焼却炉の影響と健康リスク

焼却炉灰に含まれる金属

焼却処理の副産物は埋立地に搬入されますが、灰中には鉄、銅、亜鉛、鉛などの有害金属が含まれ、土壌や地下水への浸出で長期的な汚染を引き起こします。2011年3月号の『Journal of Hazardous Materials』の研究では、日本の3施設から採取した灰に許容基準を超える金属濃度が確認されました。一方、人工的に風化させたサンプルや10年経過した灰は金属含有量が大幅に低下し、環境への影響が軽減されることが示されています。

がんリスク

自治体の焼却炉付近に住む住民は、特定のがん罹患リスクが上昇する可能性があります。2011年2月号の『Environment International』に掲載されたフランスの研究では、非職業的に曝露された住民の非ホジキンリンパ腫発生率と、有機塩素化合物・ダイオキシン排出量との相関が示され、これらの化学物質への曝露が新たな症例の増加と関連していることが報告されました。

医療廃棄物と健康への懸念

医療廃棄物の多くは焼却され、その排出ガスはダイオキシンの主要な発生源となります。
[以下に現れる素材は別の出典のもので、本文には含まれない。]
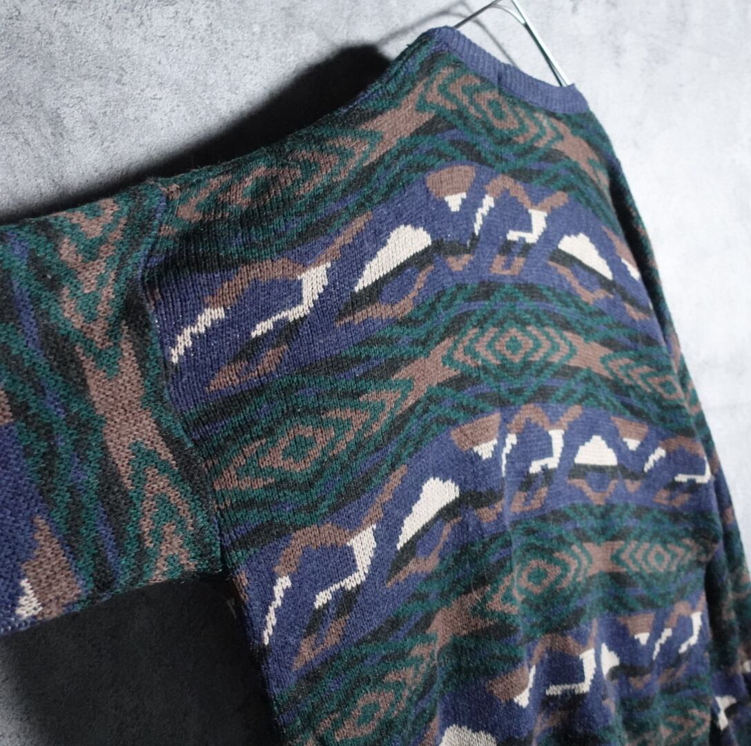 ボーダー柄の幾何学デザインカーディガンが入荷です。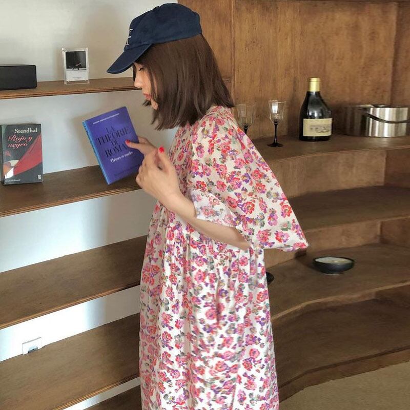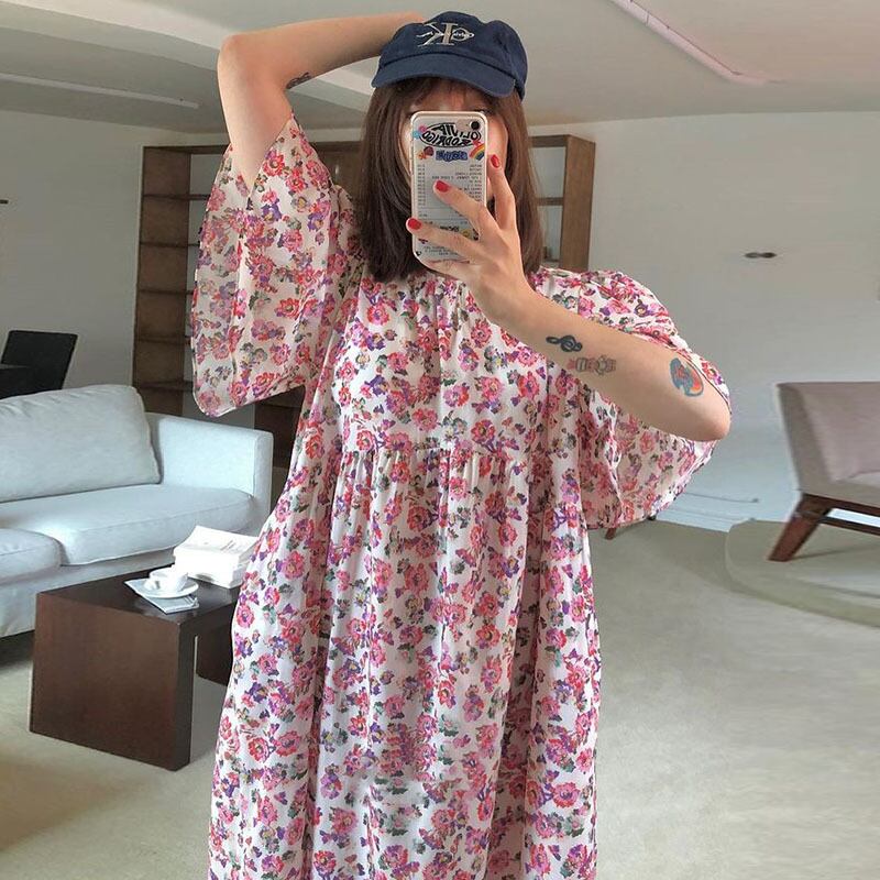 サマースタンダードラウンドネックプリーツダブルポケットルーズスリーブフローラルドレス レトロ 夏物 花柄 Oネック 6/8 mi464160325190

2010年7月号の『Indian Journal of Medical Microbiology』の調査では、国際がん研究機関(IARC)がダイオキシンを発がん性物質と認定していることを踏まえ、医療廃棄物の分別と従業員向け教育プログラムの導入が、環境と人の健康への悪影響を低減する上で重要と結論付けられました。

性別による健康リスクの違い

2010年6月号の『Journal of the Air & Waste Management Association』の論文では、焼却炉周辺に住む男女の血中有害化合物濃度を比較しています。結果として、年長の女性はポリ塩化ジベンゾ‑p‑ジオキシン(PCDD)の濃度が高く、男性はポリ塩化ジベンゾフラン(PCDF)や鉛、アルミニウム、カドミウム、銅などの金属濃度が高い傾向が見られました。性別はこれらの化合物血中濃度に最も影響を与える要因であると結論付けられています。